Is there a command similar to

na.rm

so I can go

apply(df,1,function(x) mean(if x>-100 & x <100))

note that my df if 600 x 50 dim

frank
  • 3,036
  • 7
  • 33
  • 65
  • 1
    `mean` has a trim argument that will remove some percentage of the extreme observations. This may be helpful. – lmo Jun 17 '16 at 11:18
  • that is a nice idea, but it only removes values from the end: observations to be trimmed from each end of x before the mean is computed, and my df has many outliers in many possible positions – frank Jun 17 '16 at 11:21
  • When the help file says "each end of x," it means each end of `sort(x)`. So, for example: `df=data.frame(a=1:5,b=c(1,3,4,-999999,4), c=16:20); apply(df,1,function(x) mean(x, trim=.7))` will trim the max and min and return the median. – lmo Jun 17 '16 at 11:25
  • Are you looking for the mean of the whole data frame or row- or column-wise means? If the whole data frame, you can just do `mean(df[df > -100 & df < 100])`, which returns 3. – ulfelder Jun 17 '16 at 11:26
  • 1
    @alex I posted a solution below. Have you tried that? – akrun Jun 17 '16 at 11:31
  • @ ulfelder I will eventually seek the mean of the whole df, but need to exclude all outliers, so planned to take the mean of the apply fcn – frank Jun 17 '16 at 11:31
  • Your code and your expected output is not clear. – akrun Jun 17 '16 at 11:45

3 Answers3

2

We can replace the values in 'df' based on the logical condition to NA and use rowMeans.
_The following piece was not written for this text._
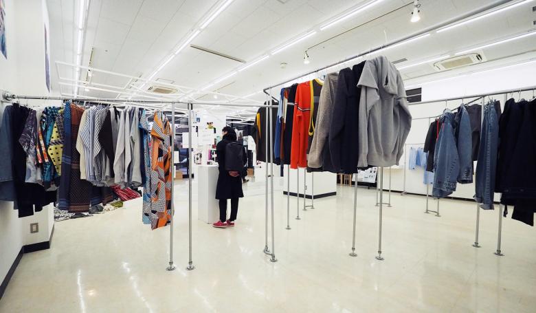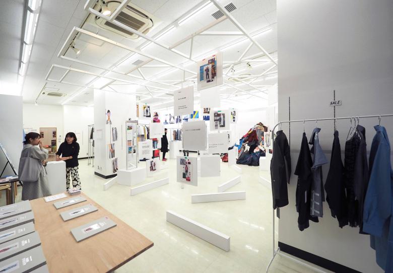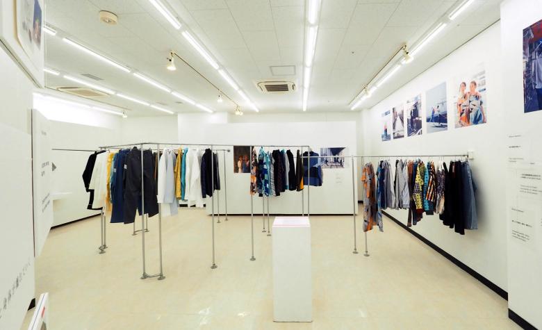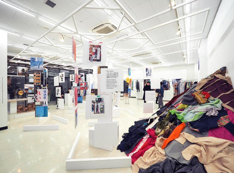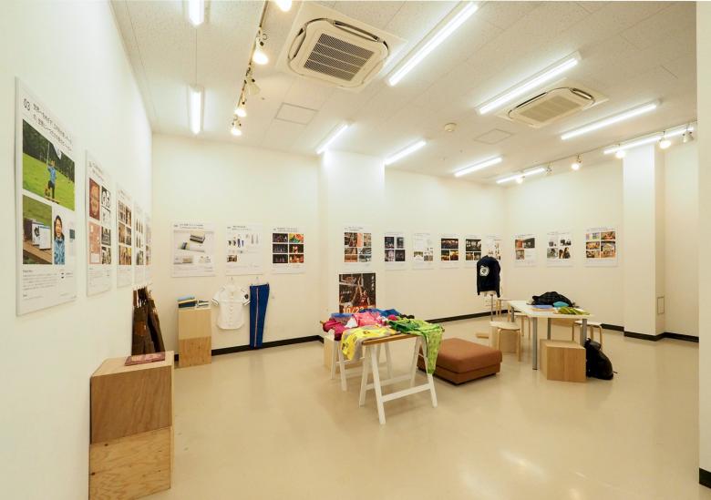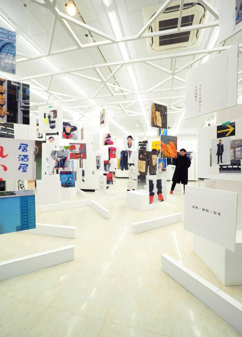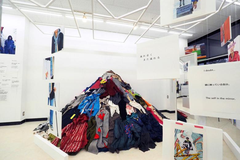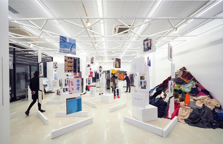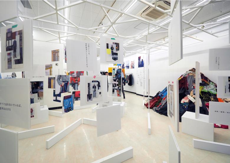 矢内原充志が横浜黄金町で行ったアート活動を中心に、ファッションデザイン、旅館のプロデュースといった様々な活動を紹介する展覧会の会場構成。
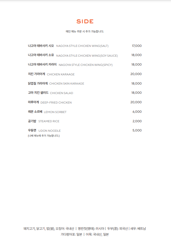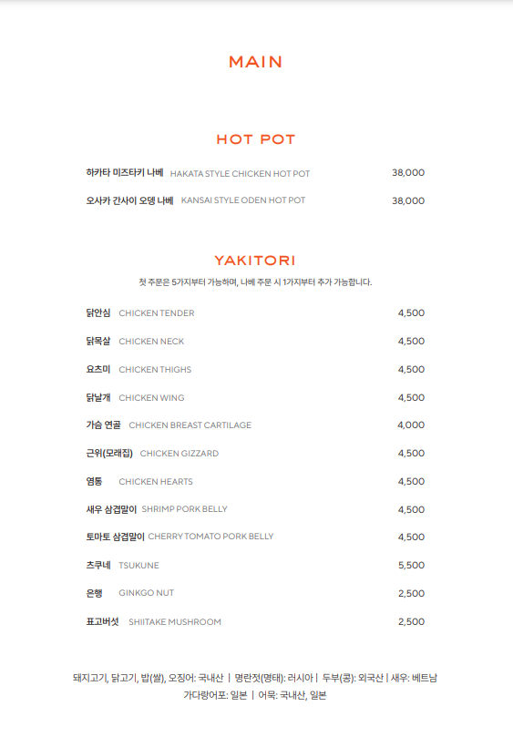 메뉴가 다 맛있어 보여서 처음 방문한 저로서는 무엇을 먹어야 할지 많이 고민이 되었지만, 이번에는 치킨 가라야케와 꼬치 5가지 맛을 선택하였습니다.

rowMeans(replace(df, !(df < 100 & df > -100) , NA), na.rm=TRUE)
#[1] 1.0 2.5 3.5 4.0 4.5

Or as @RHertel mentioned in the comments

rowMeans(replace(df, abs(df) > 100 , NA), na.rm=TRUE) 
#[1] 1.0 2.5 3.5 4.0 4.5

Or another option would be to loop through the columns of 'df', get the outlier observations with boxplot.stats, convert the outliers to NA and do the rowMeans.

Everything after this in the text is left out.